April 20, 2016
The hallowed US-Gulf bargain of “oil for security” is past its sell-by date; the future of the US-Gulf relationship is up for grabs. It has always been a fraught relationship.  Right from the outset, the United States never kept its promise to consult with the Saudis before recognizing Israel. Since 9/11, the relationship has grown much rockier—with many Americans blaming the Kingdom for the attack. From the perspective of the Gulf Cooperation Council (GCC), the United States went ahead and invaded Iraq in 2003, upsetting the delicate Sunni-Shia balance. Adding insult to injury, Washington further enhanced Iran’s position with the nuclear agreement, which was concluded last summer. The coup de grace was the United States’ development of shale oil and gas that is likely to cap the selling price of Saudi and GCC oil for the next decade or two—gone are the heady days of $90-$100 per barrel oil.   

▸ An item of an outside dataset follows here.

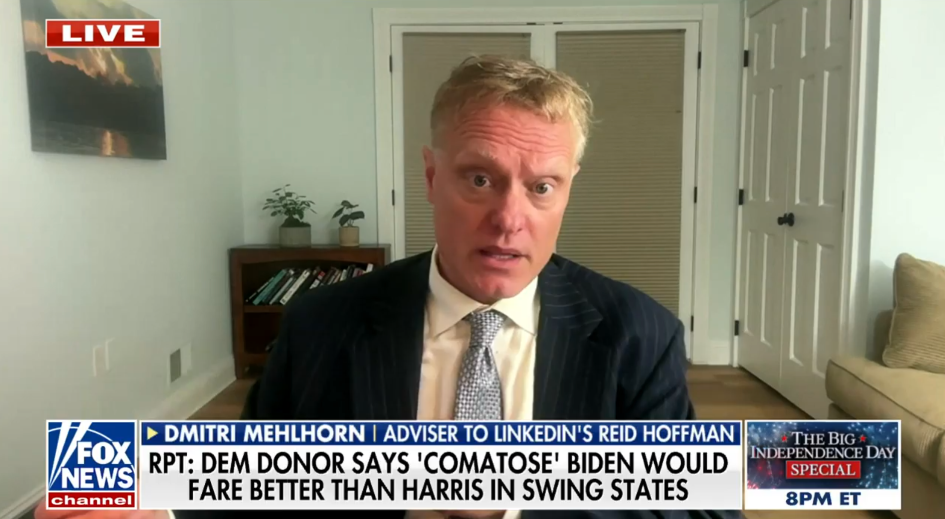 - Mehlhorn last made news when he said on the private conference call that a “dead” or “comatose” Joe Biden would have a better chance of defeating Donald Trump than Kamala Harris.

Relationships can be restructured, however, and a pretty radical restructuring will be needed if the US-GCC gap is to be stopped from getting larger.

A new bargain of economic reform for security?

With US energy independence, oil is no longer a big concern—regional stability is. Lax regional security has led to the largest migration of refugees into Europe since World War II and terrorist attacks in France and Belgium. The United States may be better protected than Europe, but the American public demands more than good security. Civil wars in Syria, Yemen and Lebanon have become proxy wars between Sunni GCC powers and Iran.  What’s to prevent them from flaring up even more and endangering the global economy? The US may no longer rely on GCC energy production, but other countries, especially in East Asia, do. 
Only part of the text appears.